Concomitant to the current basic scientific study, we will pursue parallel clinical studies, initially in the form of a robust translational evaluation of the role of endogenous insulin and glucose in the modulation of disease severity. This will involve taking regular blood samples from patients with acute pancreatitis to assess whether there is any correlation between the concentration of insulin, glucose, fatty acids or incretins with severity of disease. In addition, we will also carry out a retrospective case-control clinical assessment of the benefits of insulin treatment, used to treat sepsis secondary to clinical pancreatitis, matched with those patients with acute pancreatitis but without sepsis and thus not receiving insulin. Therefore, it is hoped that these initial clinical studies combined with a successful outcome from the insulin-clamp/caerulein-pancreatitis experiments in mice (SpAim 3), will provide substantive support for conducting a randomised controlled clinical trial, comparing all forms of severe acute pancreatitis with insulin therapy using the hyperinsulinaemic euglycaemic clamp versus those without.

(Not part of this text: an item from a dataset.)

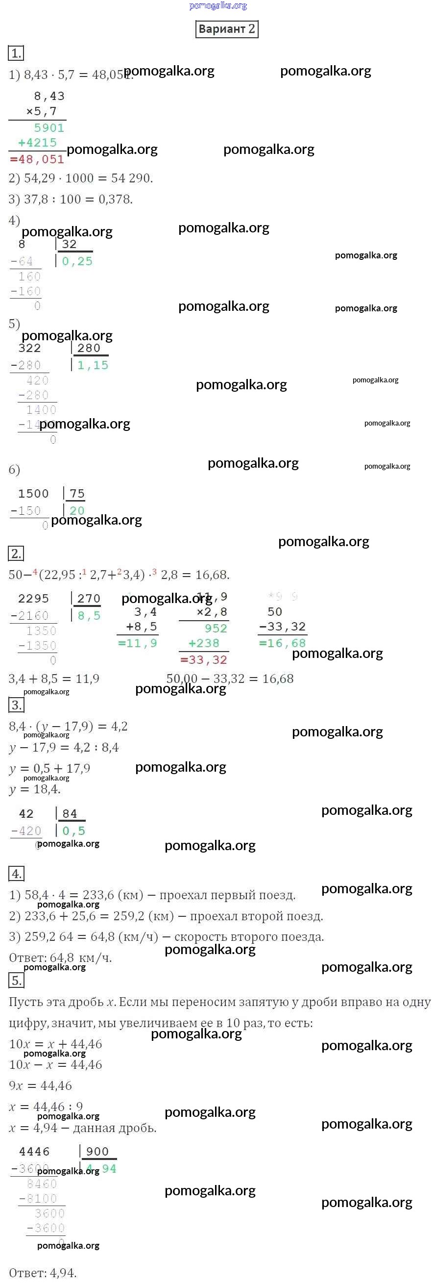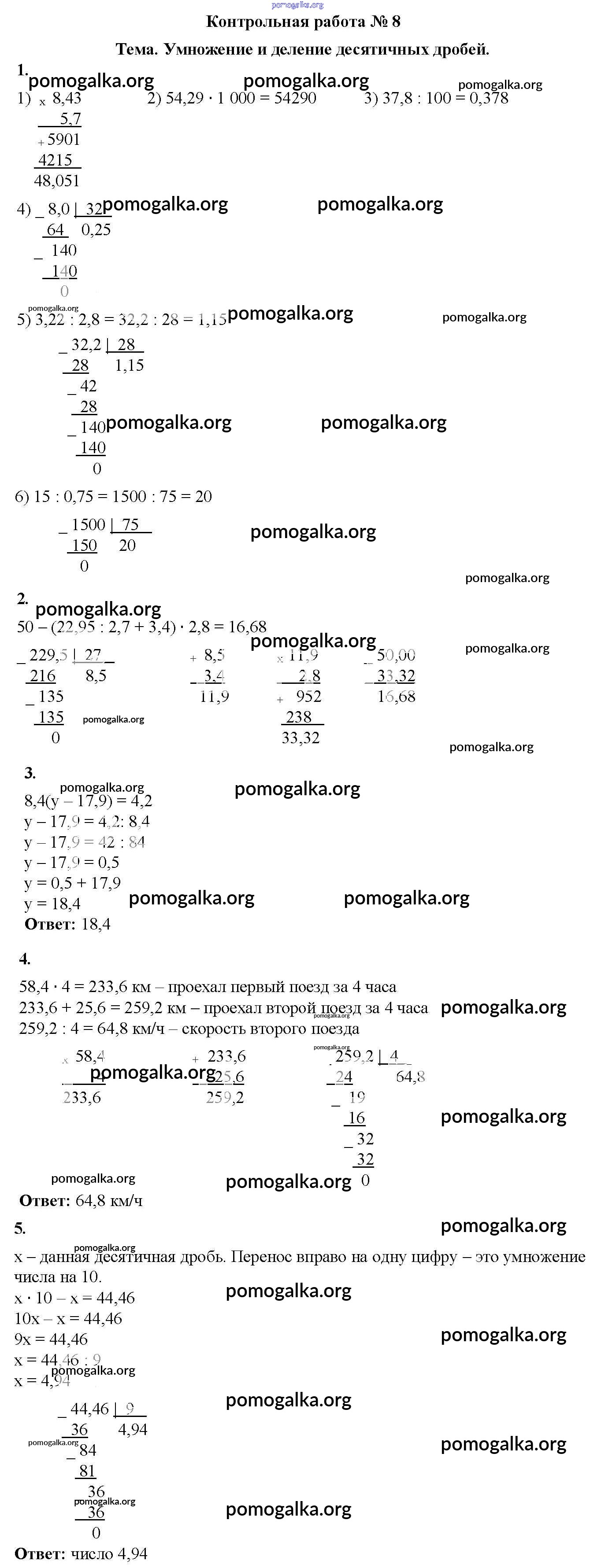 Готовые ответы - Математика 5 класс Дидактические материалы Мерзляк А.Г. - кр №8 контрольная работа вариант 2

In the longer term, dissection of the specific signalling and metabolic pathways responsible for this insulin protection could lead to the realistic discovery of novel specific insulin-mimetics for the treatment of pancreatitis without the deleterious effects of systemic insulin or the logistical difficulties controlling blood glucose. Such drugs might also be expanded to treat patients with mild to moderate pancreatitis. Furthermore, the metabolism-PMCA axis may provide a novel locus for potential therapeutic intervention, for a variety of other diseases, in which impaired metabolism and cytosolic calcium overload are critical pathological events. These include ischaemic diseases and cancer. Such a spin-off project is already underway in our laboratory on pancreatic cancer funded by the Pancreatic Cancer Research Fund (PCRF). This provides tangible evidence that this project has the potential to generate important new knowledge with real clinical potential.